Adaptive and maladaptive endothelial cell dynamics during blood flow-driven vascular patterning — ADAPT2FLOW
Funding Agency European Commission
Funding Programme Horizon 2020
Call/TopicH2020-MSCA-IF-2018
Project reference 842498
Start date 2019.10.01
Duration 24 months
Total investment EUR 147 815,04
Project Beneficiaries Instituto de Medicina Molecular João Lobo Antunes (iMM), Portugal;
Researcher Marie Ouarné
Supervisor Cláudio Franco
Summary
The formation of a functional patterned vascular network (well-defined arteries, veins, and capillaries) is essential for blood vessel functioning and global health. Several human vascular disorders arise from the mis-patterning of blood vessels, such as arteriovenous malformations, aneurysms, and diabetic retinopathy. Blood flow is recognized as the main inducer for vascular patterning, yet very little is known about the molecular mechanisms that vascular patterning. Endothelial cells (the cells bordering vessels) polarize and migrate against the blood flow direction. Yet, how this behavior contributes to the overall process of vascular patterning is completely unknown.

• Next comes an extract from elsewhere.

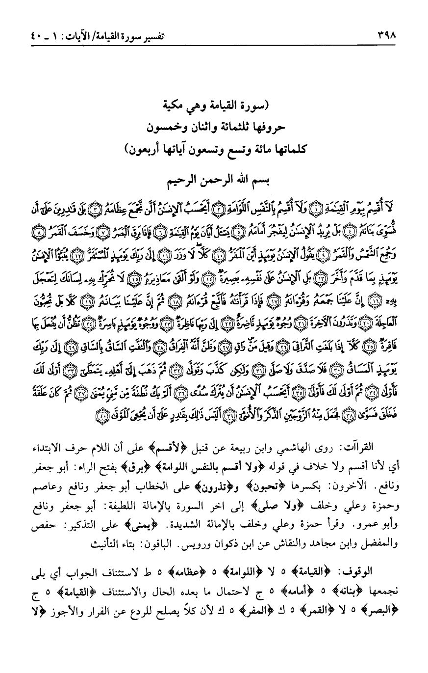 روى الهاشمي وابن ربيعة عن قنبل لأقسم على أن اللام حرف الابتداء أي لأنا أقسم ولا خلاف في قوله وَلا أُقْسِمُ بِالنَّفْسِ اللَّوَّامَةِ برق بفتح الراء: أبو جعفر ونافع. الآخرون: بكسرها تُحِبُّونَ وتَذَرُونَ على الخطاب أبو جعفر ونافع وعاصم وحمزة وعلي وخلف وَلا صَلَّى إلى اخر السورة بالإمالة اللطيفة: أبو جعفر ونافع وأبو عمرو. وقرأ حمزة وعلي وخلف بالإمالة الشديدة. يُمْنى على التذكير: حفص والمفضل وابن مجاهد والنقاش عن ابن ذكوان ورويس. الباقون: بتاء التأنيث.

It is essential to decipher how endothelial cell polarization and migration against blood flow contributes to vascular patterning as it will provide leads to produce new treatments. Indeed, those new therapies will allow improving the recovery of vascular diseases and might help to prevent some to occur like strokes in predisposed patients.

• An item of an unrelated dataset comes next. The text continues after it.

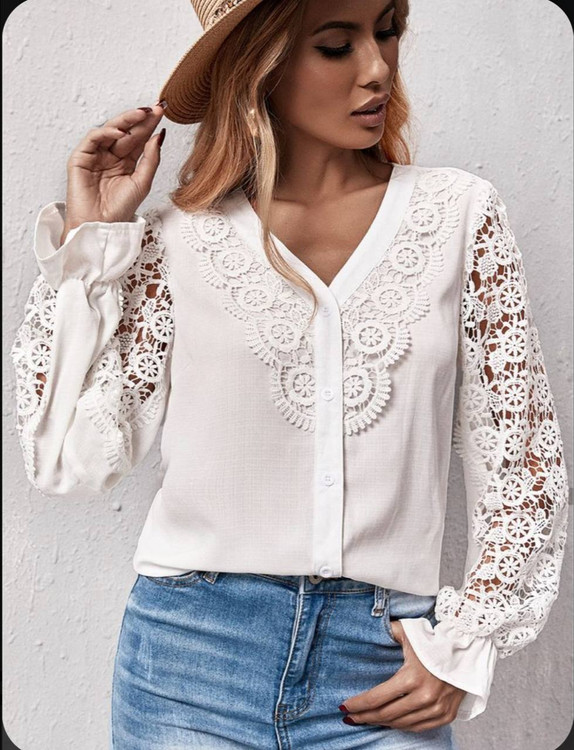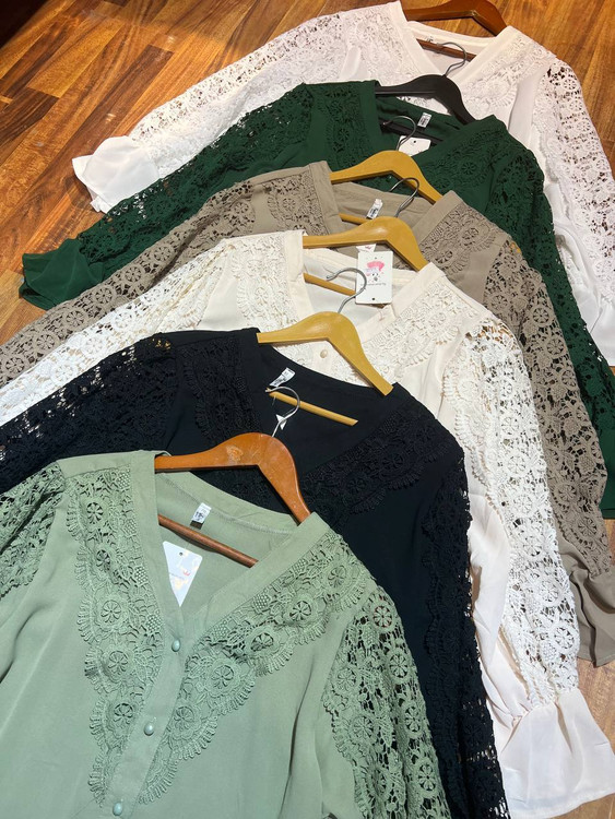 🌹🌹شومیز ۱۴۰۳ یقه هفت ترند سال با خرج کار گیپور وارداتی🌹🌹

This project aimed to study the dynamics of endothelial cells in vascular patterning during development, normal blood vessel functioning, and disease. Thanks to this action, we developed new tools to study endothelial cell dynamics in vascular patterning in developing and developed vascular networks. We identified an important competition between blood flow and VEGF (an essential factor of blood vessel development) in the control of these dynamics in the developing networks. More interestingly, we also developed a new model for a known vascular disorder that is arteriovenous malformations, and demonstrated that some cellular behaviors are essential to their formation and their resolution which could lead the scientific community to the production of pro-resolution treatments for patients with identified arteriovenous malformations.